Applied Digital Corporation (NASDAQ: APLD) has signed a 15-year lease valued at $7.5 billion with an investment-grade US hyperscaler at its Delta Forge 1 campus, a deal that materially reshapes the company’s revenue profile and raises the stakes on its broader infrastructure expansion ambitions.

The company simultaneously closed a $300 million senior secured bridge facility led by Goldman Sachs to fund construction of its third AI data centre at the Polaris Forge 1 campus in Ellendale, North Dakota. The new lease at Delta Forge 1, combined with existing agreements, pushes Applied Digital’s total contracted revenue above $23 billion across three hyperscaler relationships.

As part of the Delta Forge 1 transaction, Applied Digital retains an ownership stake in the newly formed ChronoScale Corporation, preserving upside beyond the fixed lease structure.

The investment narrative around APLD rests on the thesis that long duration AI infrastructure leases will eventually outweigh the company’s current losses, heavy capital requirements, and meaningful customer concentration risk. The $7.5 billion agreement strengthens the contracted revenue side of that equation but does not eliminate the execution risks surrounding construction timelines, project financing, and delivery at both Polaris Forge 1 and Delta Forge 1.
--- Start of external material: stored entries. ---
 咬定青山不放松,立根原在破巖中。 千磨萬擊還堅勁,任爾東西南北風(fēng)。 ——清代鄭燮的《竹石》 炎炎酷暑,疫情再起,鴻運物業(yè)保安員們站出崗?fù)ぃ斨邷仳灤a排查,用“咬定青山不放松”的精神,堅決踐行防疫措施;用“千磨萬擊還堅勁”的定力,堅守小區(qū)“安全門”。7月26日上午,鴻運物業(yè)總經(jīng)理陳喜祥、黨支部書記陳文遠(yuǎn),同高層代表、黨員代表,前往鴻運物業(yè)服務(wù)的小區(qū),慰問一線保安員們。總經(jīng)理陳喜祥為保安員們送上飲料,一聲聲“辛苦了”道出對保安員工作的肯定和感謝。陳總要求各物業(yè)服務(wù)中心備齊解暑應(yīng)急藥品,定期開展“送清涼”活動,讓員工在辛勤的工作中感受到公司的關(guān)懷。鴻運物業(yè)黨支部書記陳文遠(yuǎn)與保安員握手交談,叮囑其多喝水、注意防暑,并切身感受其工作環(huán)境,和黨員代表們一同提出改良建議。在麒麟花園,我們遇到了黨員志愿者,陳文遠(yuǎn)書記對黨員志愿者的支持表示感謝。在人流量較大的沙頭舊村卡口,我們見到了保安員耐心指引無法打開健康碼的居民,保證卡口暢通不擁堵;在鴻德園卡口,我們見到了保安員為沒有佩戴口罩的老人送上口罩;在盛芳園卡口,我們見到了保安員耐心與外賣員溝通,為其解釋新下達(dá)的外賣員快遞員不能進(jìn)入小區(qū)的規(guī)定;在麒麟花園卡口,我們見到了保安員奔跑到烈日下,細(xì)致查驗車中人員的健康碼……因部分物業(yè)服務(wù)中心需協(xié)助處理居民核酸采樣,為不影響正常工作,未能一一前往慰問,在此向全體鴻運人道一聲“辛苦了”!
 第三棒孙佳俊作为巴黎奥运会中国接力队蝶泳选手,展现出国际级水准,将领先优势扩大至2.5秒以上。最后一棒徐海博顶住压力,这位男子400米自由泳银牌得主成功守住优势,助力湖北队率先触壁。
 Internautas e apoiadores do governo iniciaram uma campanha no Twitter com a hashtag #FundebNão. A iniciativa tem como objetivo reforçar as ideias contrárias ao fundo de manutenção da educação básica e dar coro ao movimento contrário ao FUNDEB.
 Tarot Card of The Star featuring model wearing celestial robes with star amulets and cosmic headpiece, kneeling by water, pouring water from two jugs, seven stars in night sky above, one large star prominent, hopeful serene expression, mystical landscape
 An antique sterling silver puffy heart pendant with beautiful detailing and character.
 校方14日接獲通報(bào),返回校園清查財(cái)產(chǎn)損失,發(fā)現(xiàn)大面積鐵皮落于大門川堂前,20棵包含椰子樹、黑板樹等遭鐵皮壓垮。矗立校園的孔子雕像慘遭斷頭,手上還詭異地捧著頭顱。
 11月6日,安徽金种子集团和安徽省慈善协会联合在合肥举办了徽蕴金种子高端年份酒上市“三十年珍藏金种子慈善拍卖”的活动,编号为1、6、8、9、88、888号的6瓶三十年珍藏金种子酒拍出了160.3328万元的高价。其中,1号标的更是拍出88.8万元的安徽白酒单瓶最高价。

Analysts projecting the bull case estimate APLD could reach revenue of $2.6 billion and earnings of $467.2 million by 2029, implying annual revenue growth of approximately 100% from the current base of negative $119.8 million in net income.

A community narrative fair value estimate pegs the stock at $52.80, suggesting 24% upside from current levels. More bearish models see the stock as potentially worth less than half its current price, citing the debt burden and sensitivity to any slowdown in hyperscaler AI spending.